Plato reportedly said, “Be kind, for everyone is fighting a hard battle.” What he meant is that for many people, underneath the surface is a struggle that isn’t visible. Inside each of us is a daily fight to deal with survival and the many obstacles in life, and the unseen interior efforts to overcome them.

My experience with pelvic pain – both professionally and personally – has made clear to me that the battle Plato refers to is more than just psychological, but also physical. It is intuitively obvious that stress can kill you or make you sick. We’re not surprised when an especially stressful event occurs and someone gets sick or even dies from it. There is an indisputable physiological component to stress: major blood vessels constrict, blood pressure elevates, the immune response is weakened or postponed, and adrenaline pumps into the bloodstream. This inward “fight, flight, or freeze” response to stress can take a huge toll on our health.

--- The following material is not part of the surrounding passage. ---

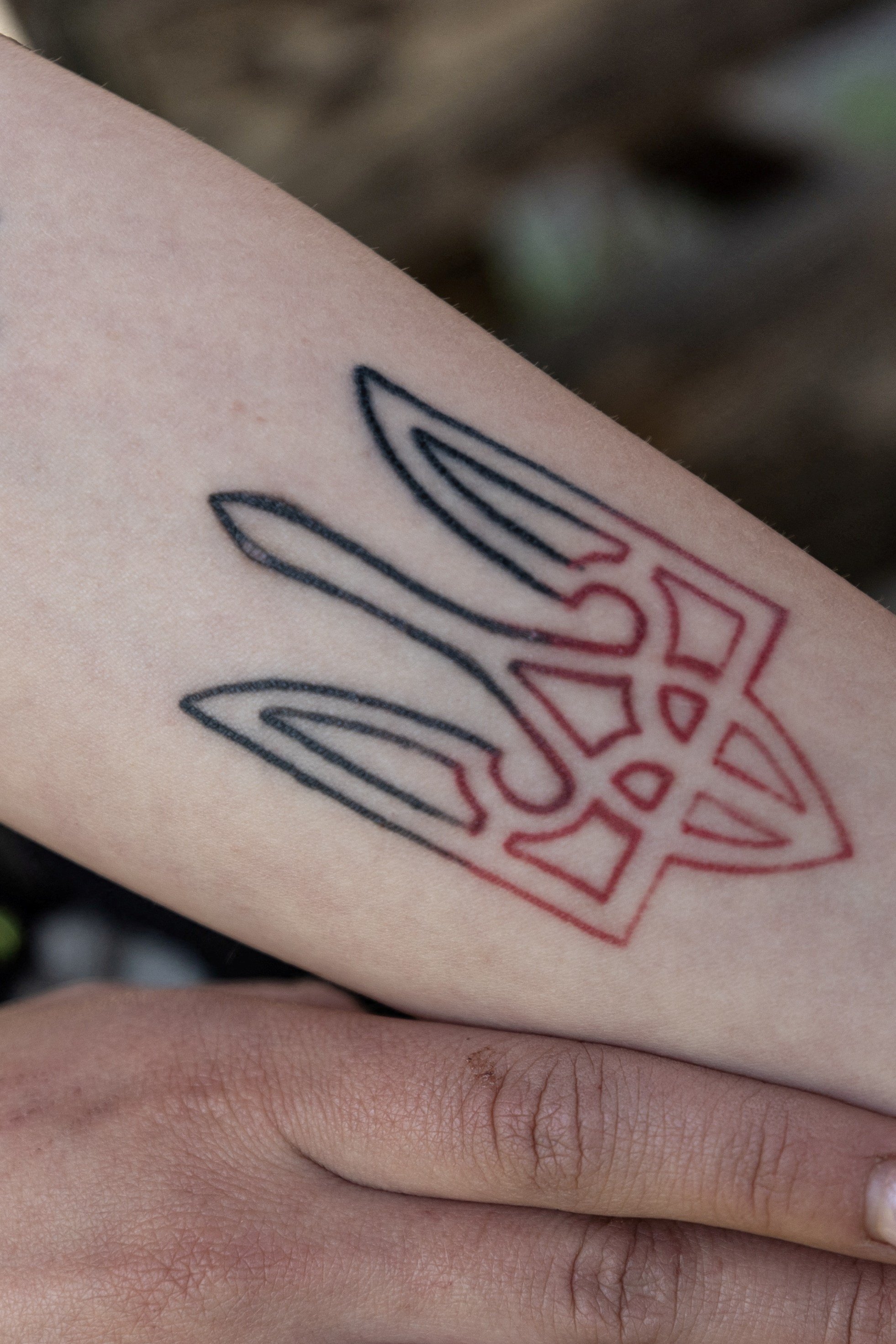 Fontos, hogy ne feledkezzünk meg a háromágú szigony legszembetűnőbb és legelterjedtebb képéről, amely Ukrajna címere. Egy ilyen kép az ember testén a hazája iránti szeretetét, a szabadság, a barátság és a jóság iránti szeretetét jelzi.

In my view, pelvic pain typically arises out of this inward battle. When a person is at peace and life is good, the muscles of the pelvic floor are relaxed and perform the functions of urination, defecation, and sexual response easily and comfortably. The pelvic floor feels good. However, when certain people deal with the challenges of life, and anxiety arises – which is just a fancy word for fear, and typically has little to do with actual survival – then the pelvic floor tightens.

Prolonged tightening in the pelvic floor leads to irritation of the pelvic tissue and then pain, setting the pelvic pain cycle in motion that makes pelvic pain chronic. One of the challenges for those suffering from pelvic pain is that there are no outward signs of this inner battle. Some physicians discount the pain that a patient describes because there are no outward symptoms that the physician can detect. The battle inside, however, is real.

So, the injunction to be kind to others because of the battles they deal with inside also speaks to the best treatment for pelvic pain. The Wise-Anderson Protocol is a method that operationalizes kindness to our own inner battle. Through careful instruction in pelvic floor and related physical therapy self-treatment, we teach our patients to gently physically loosen the painful inner and outer knots connected with pelvic floor pain. In order maintain this eased state long enough for the sore pelvic floor to have a chance to heal, we also teach our patients to quiet body and mind using Extended Paradoxical Relaxation.

Plato’s point is an excellent metaphor for thinking about how to heal pelvic floor pain. It’s important we recognize the inner battle fought by the pelvic pain patient, and apply a method to bring kindness and healing to it.